A mentor of mine was talking about criticism the other day at lunch. She said, “Criticism without compassion is brutality.” I sighed in response. What a great quote! I asked her to elaborate and she said anyone can judge someone, but it is an art to give compassionate criticism.
I have always been criticism-adverse. Really. Who isn’t? Any time I submit work to be published, the anxiety game is on. And, I’m just waiting for the fallout. Or, the silence. Not sure which is worse.
I blame my parents. I was brought up with two supportive and very loving parents who guided me and made me feel like everything I did was wonderful. Jokingly, I tell my friends I was brought up in a “Praise Parade”. Although I am beyond thankful to my parents for their unconditional love and support, they did not prepare me for the harsh world of receiving criticism.
How does one take criticism well? How can you make sure to spare a person’s heart, while providing sufficient and honest guidance to help him or her improve? The interesting thing is I am a fervent practitioner of “Praise Parade” principles with my friends, family. Yet with my students, I tend to stray from the parade route. I do acknowledge their growth and praise them for learning, but I may be a bit curt and technical in the feedback I give them. I acknowledge this mechanical style of feedback can be strident.

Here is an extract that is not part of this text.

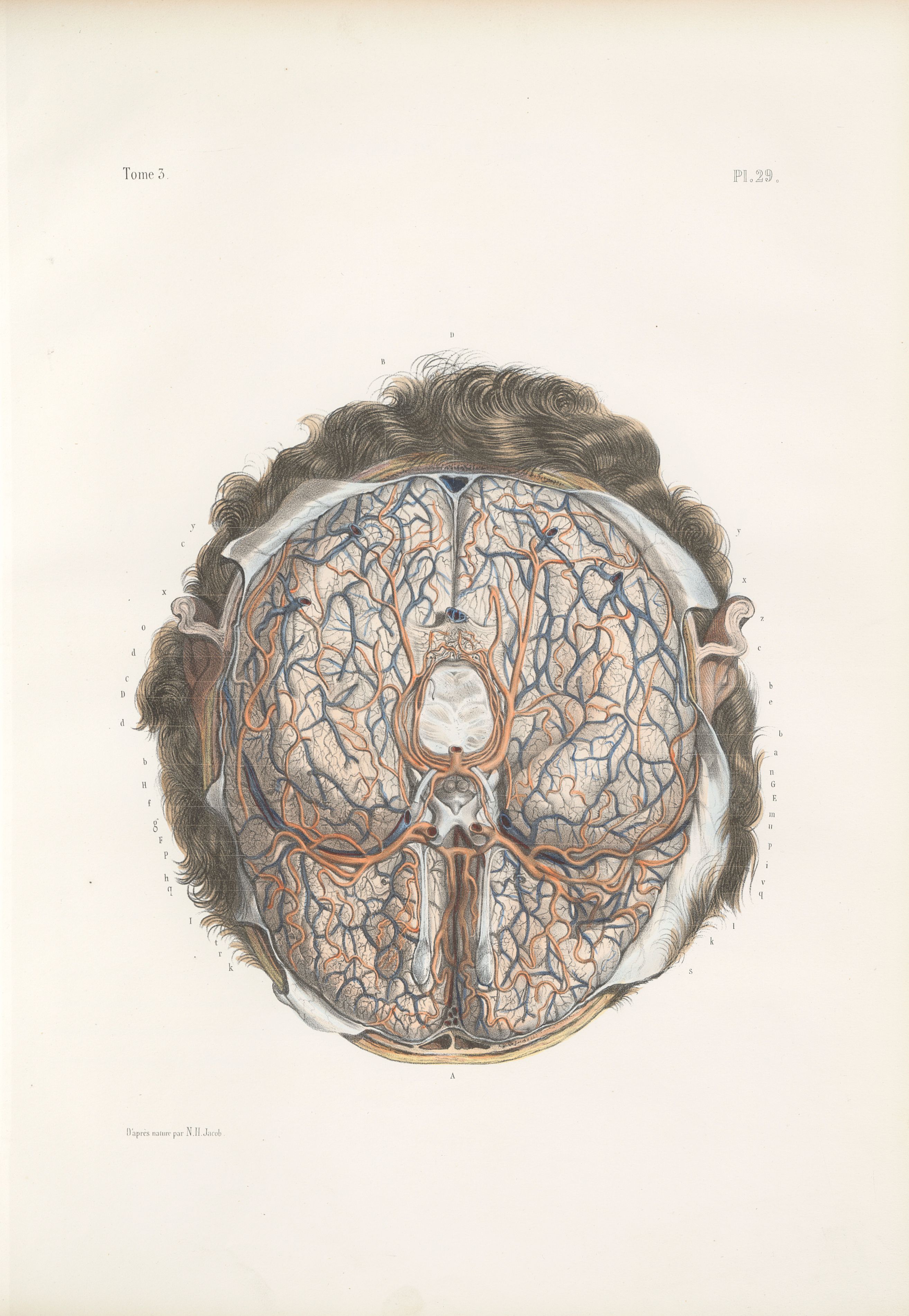 Planche 29 - Vaisseaux sanguins de la base du cerveau - Traité complet de l'anatomie de l'homme, par les Drs Bourgery et Claude Bernard et le professeur-dessinateur-anatomiste N.H. Jacob, avec le concours de Ludovic Hirschfeld. Tome troisième.

Just this morning, one student submitted her draft and said, “I know it’s not good, but I will take all of the tough criticism you can give me. All I need is your help.” This plea proves that students relate education and coaching with shaming. Why not? This is probably all they have received in the past. She assured me “she could take it”. Why do we have to take it – to brace ourselves for the onslaught of brutality?
There is a quote floating around social media by Larry Martinek that states, “Children don’t hate math. What they hate is being confused, intimidated and embarrassed by math. With understanding comes passion, and with passion comes growth – a treasure is unlocked.” English comes with the same kind of baggage. People feel intimidated by writing and have already deemed themselves failures before even walking into my classroom.
I do not have a definitive answer, but I have been thinking a lot about about criticism and want to employ these changes with my students. I am reading a wonderful book, Atomic Habits by James Clear. In it, he suggests, “Focusing on the overall system, rather than a single goal…an atomic habit refers to a tiny change, a marginal gain, a 1 percent improvement. They are little habits that are part of a larger system. Just as atoms are the building blocks of molecules, atomic habits are the building blocks of remarkable results” (Clear 27).
So, using this important book as a guide, let’s make a change. Think about adding 1% of love into each criticism. The awareness of the person’s feelings, and leading with love and a sense of compassion can truly help a person become better at whatever task they are undertaking.
I plan to infuse part of the proud tradition my parents started for me into my teaching. I can still do the work of teaching/coaching, while charting onward with the “Praise Parade”.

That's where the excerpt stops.